La siguiente parada la tuvimos 37 km después en Marbella, población en la que en un anterior viaje nos gustó su casco antiguo. Dejamos el coche en el Parking APK2 Arias Maldonado, situado en la calle del mismo nombre, bastante cerca de la oficina de turismo, ubicada muy cerca junto al Paseo Marítimo, donde hicimos una pausa en la terraza de un bar. Caminamos por el paseo hasta la playa del Faro, donde se encuentra la estatua de Venus haciendo esquí acuático. Desde allí observamos al fondo la costa africana.

Enseguida abandonamos el paseo para caminar por otro lugar emblemático de Marbella, la avenida del Mar, un paseo peatonal que nos conduce al casco antiguo y que se ha convertido en un mueso al aire libre, pues su parte central la adornan un buen grupo de surrealistas esculturas de bronce obra de Salvador Dalí. Esta avenida conduce sin solución de continuidad al parque de la Alameda, un oasis en el centro de la ciudad, que cuenta con abundante arbolado, bancos decorados y una coqueta fuente central.

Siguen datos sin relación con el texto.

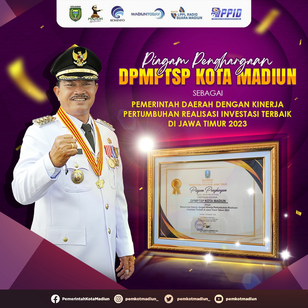 Masuk 10 Besar Pertumbuhan Realisasi Investasi Terbaik Jawa Timur, Kota Madiun Tambah Satu Penghargaan Lagi

Cruzamos la avenida Ricardo Soriano y ya estamos en el casco antiguo, al que accedemos por la pintoresca y estrecha calle San Lázaro y nos dirigimos al centro de la parte antigua, la preciosa plaza de los Naranjos, en la que se encuentra el Ayuntamiento y la Casa del Corregidor y a la que se asoma la ermita de Santiago. De allí nos dirigimos a la iglesia de Santa María de la Encarnación, magnífico ejemplo de la arquitectura religiosa andaluza. Deambulamos luego por la parte vieja con rumbo a la calle Ancha, a cuyo final se encuentra la iglesia del Santo Cristo de la Vera Cruz. Concluido este recorrido, con todos los restaurantes abarrotados, deshacemos lo andado para comer, muy bien por cierto y con una excelente relación calidad-precio, en La Almadraba del Puerto, en la plaza de la Victoria, donde se encuentra la famosa ranita.

La siguiente cita la tuvimos a 33 km, en una localidad que no conocía, Estepona, cuyo casco antiguo es un buen ejemplo de pueblo andaluz, con casas encaladas adornadas con numerosas macetas con flores, así que deambulamos por sus calles, como el pasaje Maruja Mallo y la calle Concepción, con rumbo a un lugar icónico de Estepona, la plaza de las Flores. También nos acercamos a la iglesia de Ntra Sra de los Remedios, remodelada en 1772. Frente a ella se encuentra la estatua de uno de sus párrocos, Manuel Sánchez.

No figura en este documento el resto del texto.